→ Goal of the exercise:
Nothing but the lines below from the one that contains "A series of" through the one that contains "Já o tradicional" should be retyped, exactly and including both ends. Do not include pictures.

→ Dataset excerpts:
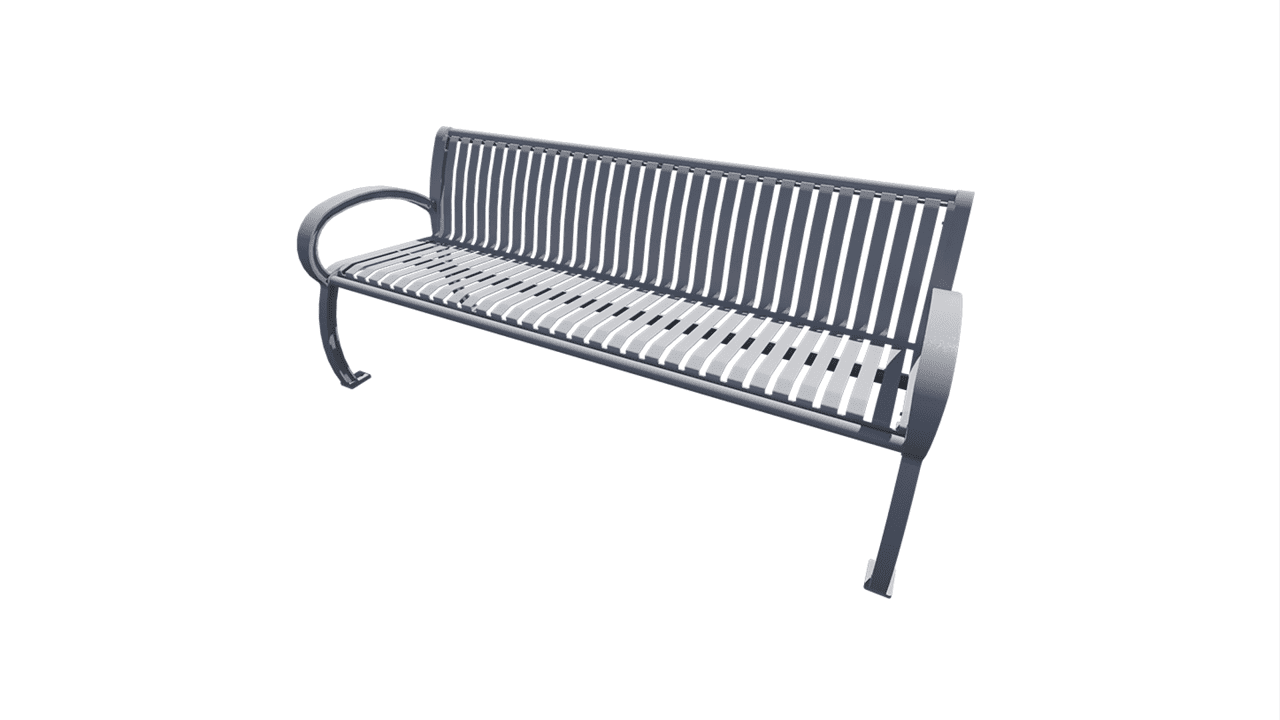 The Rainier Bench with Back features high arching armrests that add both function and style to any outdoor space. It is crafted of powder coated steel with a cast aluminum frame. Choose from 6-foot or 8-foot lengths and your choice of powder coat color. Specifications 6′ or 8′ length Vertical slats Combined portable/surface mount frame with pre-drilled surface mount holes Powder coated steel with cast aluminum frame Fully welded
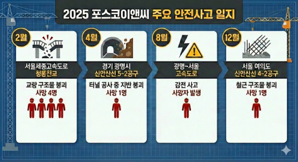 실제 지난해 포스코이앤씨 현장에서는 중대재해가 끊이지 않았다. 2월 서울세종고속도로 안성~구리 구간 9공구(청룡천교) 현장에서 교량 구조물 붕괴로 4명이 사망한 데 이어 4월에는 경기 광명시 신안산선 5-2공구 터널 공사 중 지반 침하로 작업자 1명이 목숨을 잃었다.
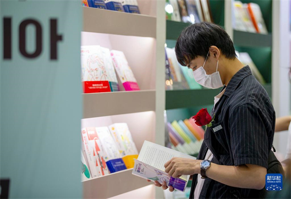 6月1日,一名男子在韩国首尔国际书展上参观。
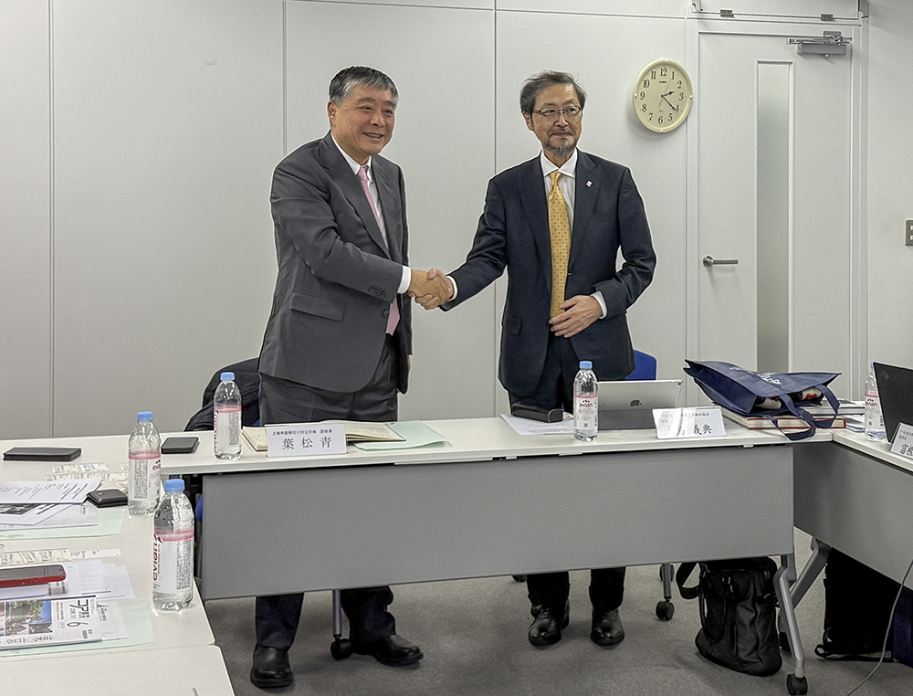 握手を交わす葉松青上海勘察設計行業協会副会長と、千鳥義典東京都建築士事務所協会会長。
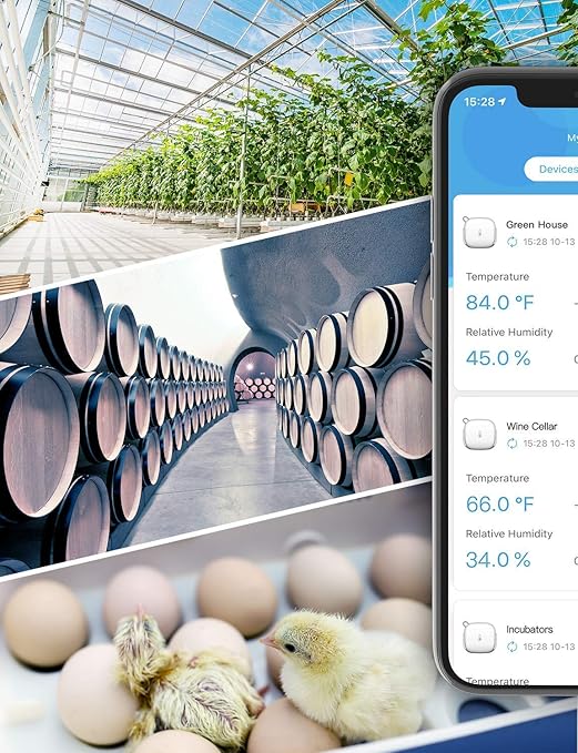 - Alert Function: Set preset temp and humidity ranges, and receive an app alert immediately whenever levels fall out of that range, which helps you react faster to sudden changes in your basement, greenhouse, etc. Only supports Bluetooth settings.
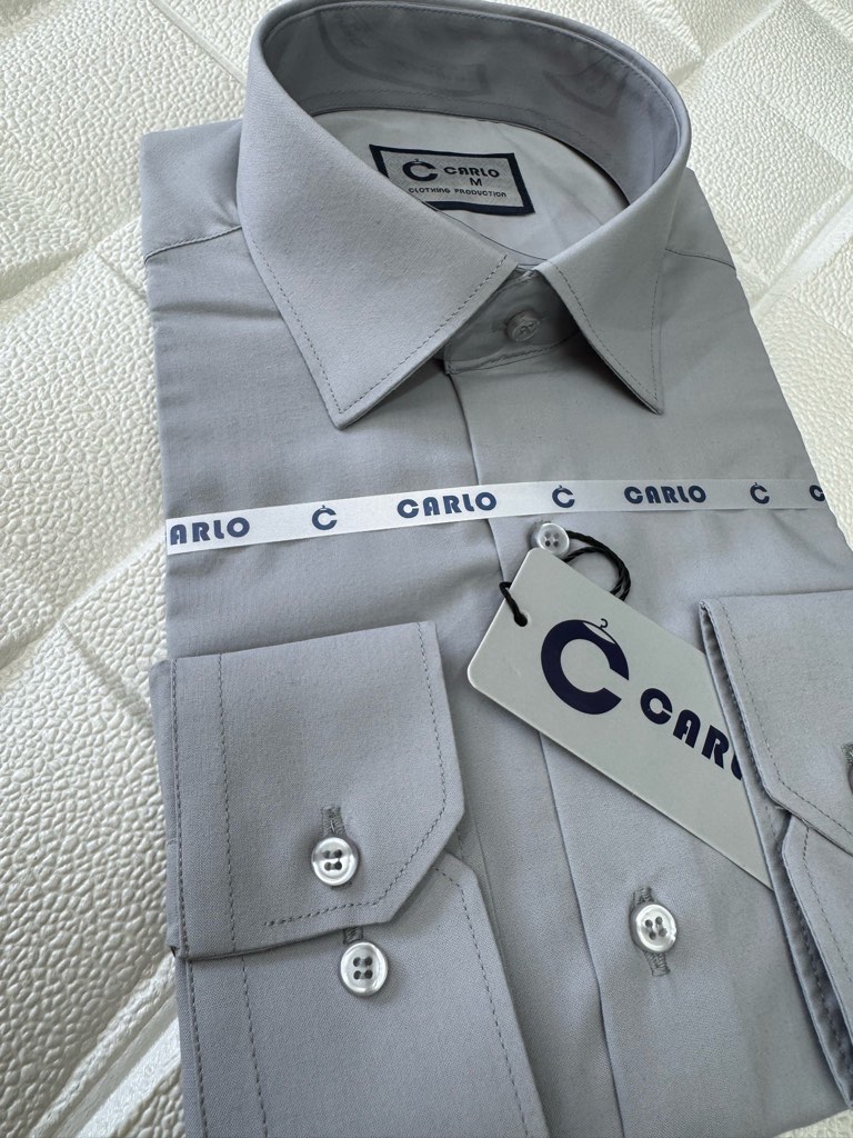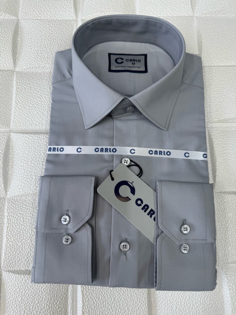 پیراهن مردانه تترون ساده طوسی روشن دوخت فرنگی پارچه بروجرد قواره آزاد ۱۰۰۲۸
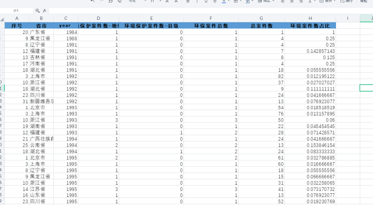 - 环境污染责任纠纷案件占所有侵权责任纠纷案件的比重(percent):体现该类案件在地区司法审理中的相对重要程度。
* * *
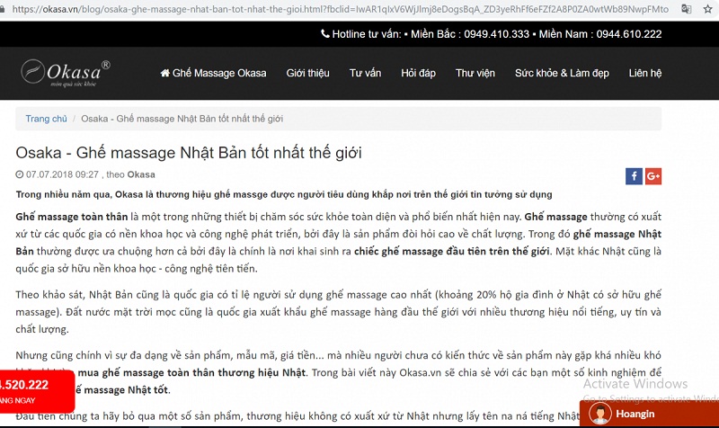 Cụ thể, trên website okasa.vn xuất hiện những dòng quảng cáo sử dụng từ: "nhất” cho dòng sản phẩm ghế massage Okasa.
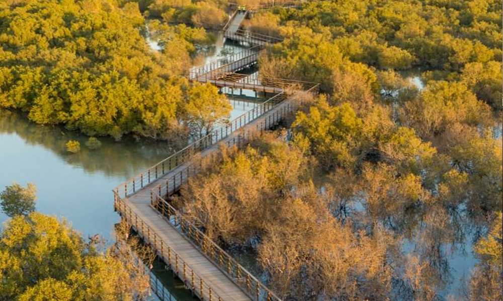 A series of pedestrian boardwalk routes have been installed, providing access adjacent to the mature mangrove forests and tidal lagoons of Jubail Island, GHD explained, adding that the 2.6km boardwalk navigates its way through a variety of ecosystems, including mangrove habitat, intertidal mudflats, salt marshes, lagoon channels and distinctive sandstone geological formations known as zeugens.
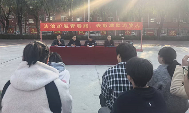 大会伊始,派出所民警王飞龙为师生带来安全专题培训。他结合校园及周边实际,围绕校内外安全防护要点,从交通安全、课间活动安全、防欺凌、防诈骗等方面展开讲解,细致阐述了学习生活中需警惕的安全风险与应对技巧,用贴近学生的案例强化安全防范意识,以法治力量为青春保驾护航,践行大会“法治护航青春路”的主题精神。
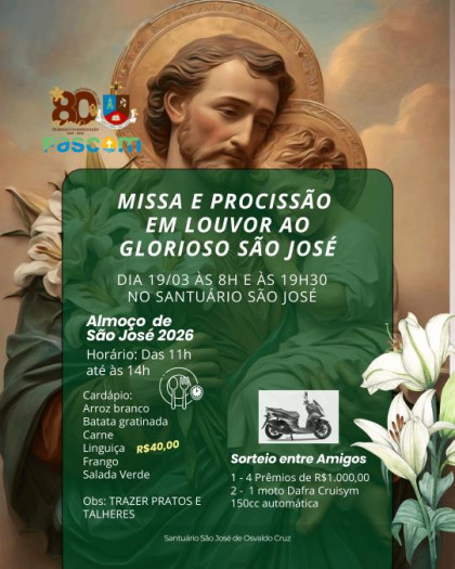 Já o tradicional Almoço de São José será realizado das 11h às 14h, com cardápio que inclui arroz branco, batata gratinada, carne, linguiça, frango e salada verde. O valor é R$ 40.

→ Your response:
 A series of pedestrian boardwalk routes have been installed, providing access adjacent to the mature mangrove forests and tidal lagoons of Jubail Island, GHD explained, adding that the 2.6km boardwalk navigates its way through a variety of ecosystems, including mangrove habitat, intertidal mudflats, salt marshes, lagoon channels and distinctive sandstone geological formations known as zeugens.
 大会伊始,派出所民警王飞龙为师生带来安全专题培训。他结合校园及周边实际,围绕校内外安全防护要点,从交通安全、课间活动安全、防欺凌、防诈骗等方面展开讲解,细致阐述了学习生活中需警惕的安全风险与应对技巧,用贴近学生的案例强化安全防范意识,以法治力量为青春保驾护航,践行大会“法治护航青春路”的主题精神。
 Já o tradicional Almoço de São José será realizado das 11h às 14h, com cardápio que inclui arroz branco, batata gratinada, carne, linguiça, frango e salada verde. O valor é R$ 40.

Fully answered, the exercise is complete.